Алексей Иванович с особенной язвительностью читал вслух о толстовских поселениях, все более распространяющихся. И комментировал:
— За огородом в полдесятины ходят втроем и вчетвером! Вода рядом, а у них высыхают всходы! Ходят всем скопом в лес за дровами, приносят детские вязаночки валежника, зато всласть толкуют весь день об абстрактных материях на лоне природы! Об индивидуализации в модернизации свободного человека! А коров доить нанимают работников. Эти новые господа тем более опасны, что рядятся в мужицкие лапти и опорки! Они отвлекают рабочий класс от борьбы за свои права.
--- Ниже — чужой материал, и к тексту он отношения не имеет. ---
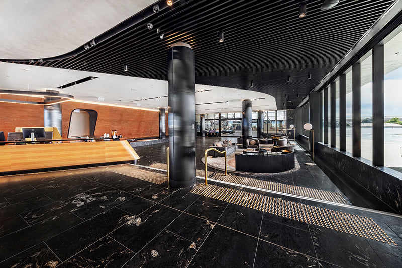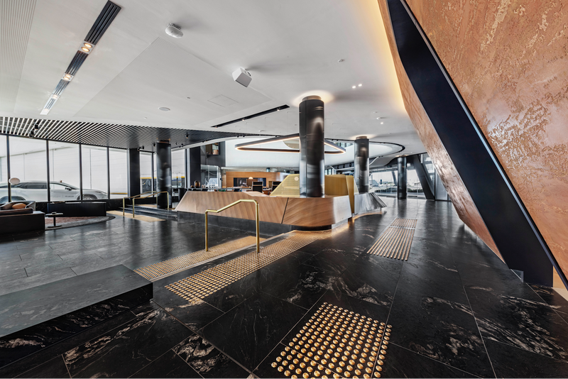 The unique Australian palette of materials, textures, and colours evokes a sense of place and culture, setting it apart from other airport lounges worldwide. Our exclusive products, such as Entry Matting, Stair Nosing, and TGSI’s, enhance the ambiance and character of the dynamic space while ensuring compliance with equal access provisions.
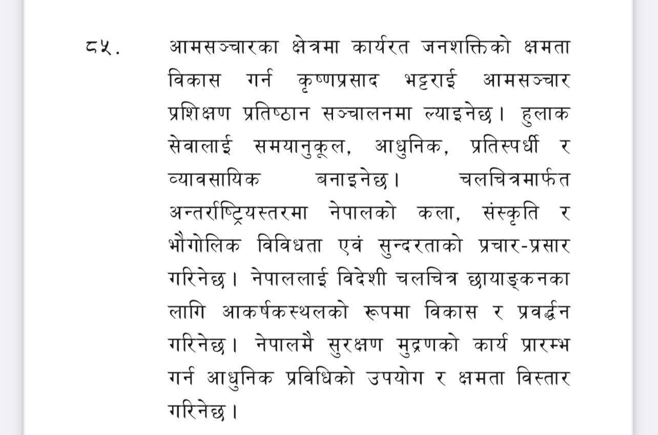 मंगलबार सरकारको भावी नीति तथा कार्यक्रम प्रस्तुत भएकोमा ८५ नम्बर बुँदामा ‘आमसञ्चार क्षेत्रमा कार्यरत जनशक्तिको क्षमता विकास गर्न कृष्णप्रसाद भट्टराई आमसञ्चार प्रशिक्षण प्रतिष्ठान सञ्चालनमा ल्याइनेछ’, भन्ने उल्लेख छ ।
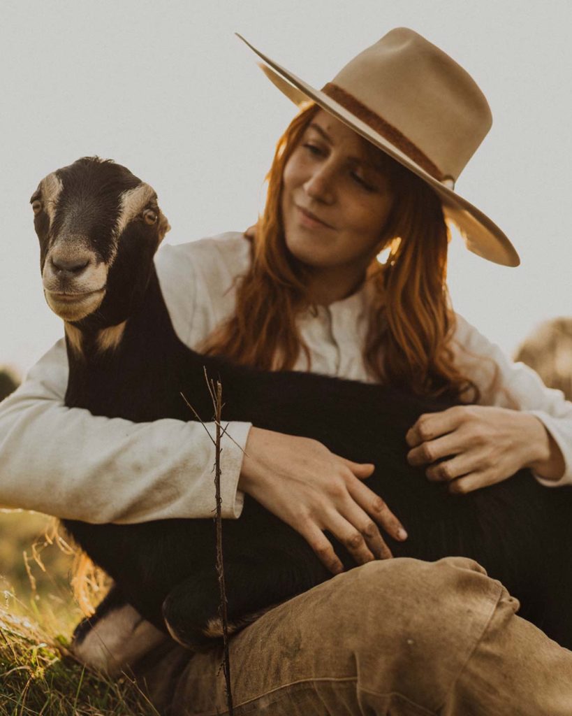 Kate Kavanaugh and her husband, Josh Curtiss, wake every day before sunrise. Kavanaugh slides into a pair of Curtiss’s worn hemp work pants, throws a wool-lined canvas jacket over her layers, and tops her long, russet locks with her favorite cowboy hat. The couple doesn’t even pause for coffee or breakfast before they step out of their old farmhouse into the milky light of dawn to begin feeding their small menagerie of farm animals: two horses, three cows, a motley and colorful brigade of goats, hens, geese and ducks. Early mornings on the farm are often cacophonous as the animals jostle to be the first ones fed. Big Boy, their huge, black steer, always angles in for a rub as they come near.
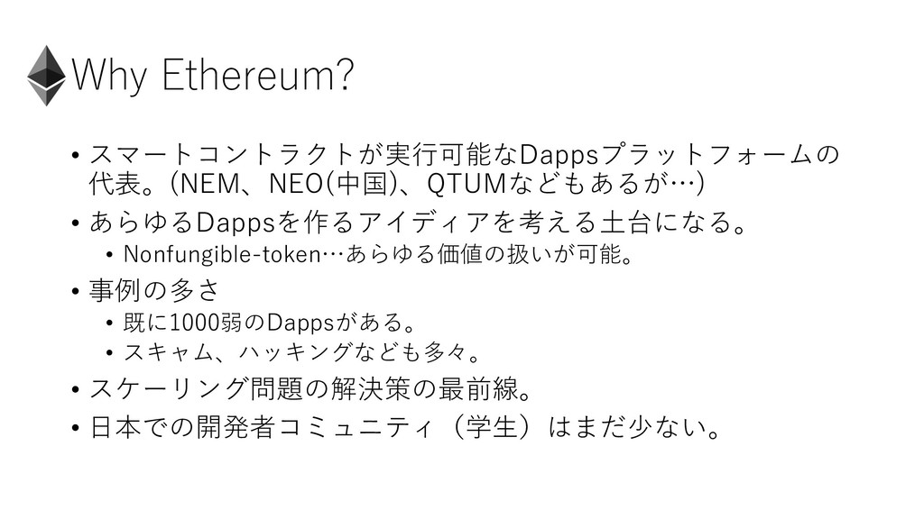 Why Ethereum? • スマートコントラクトが実⾏可能なDappsプラットフォームの 代表。(NEM、NEO(中国)、QTUMなどもあるが…) • あらゆるDappsを作るアイディアを考える⼟台になる。 • Nonfungible-token…あらゆる価値の扱いが可能。 •
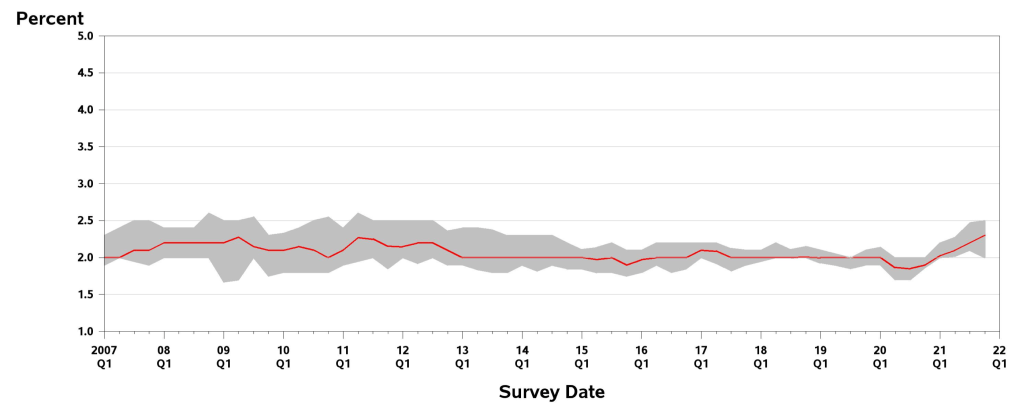 In contrast, the most recent survey of professional forecasters shows longer-term inflation expectations continuing to rise and move outside the range of the past decade and a half—the chart below.
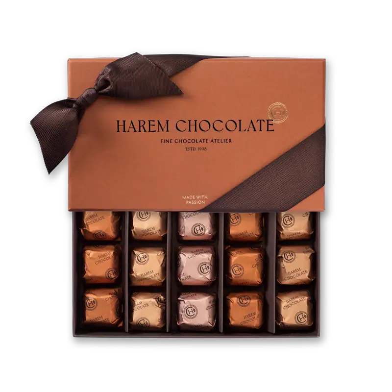 Cara Mix Chocolate offers a delightful blend of flavors with its handmade caramel paired perfectly with pistachio, cherry, and almond. Available in three different sizes: 260g (approximately 15 pieces), 520g (approximately 30 pieces), and 940g (approximately 54 pieces).
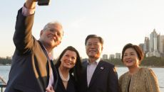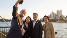 문재인 대통령 부부가 호주 스콧 모리슨 총리 부부와 시드니 오페라하우스 앞에서 ‘셀카’를 찍은 것을 두고 비난하는 야당에 대해- 2021.12.17 09:31

Коршунов жалел господ по-христиански: как быть человеку неумелому, сытому, если его — в работу, кормись своими руками? Всю жизнь толковали — как тут вдруг преобразиться? Трудно, немыслимо. Господа распродавались, нищали, шли в службу, да уже не только в казенную за чины, а в купеческие дома за прожиток. Ах, господа! Что есть зло? Не велеречивое ли безделье? Бога ищете, а молотка — гвоздь вбить — не найдете…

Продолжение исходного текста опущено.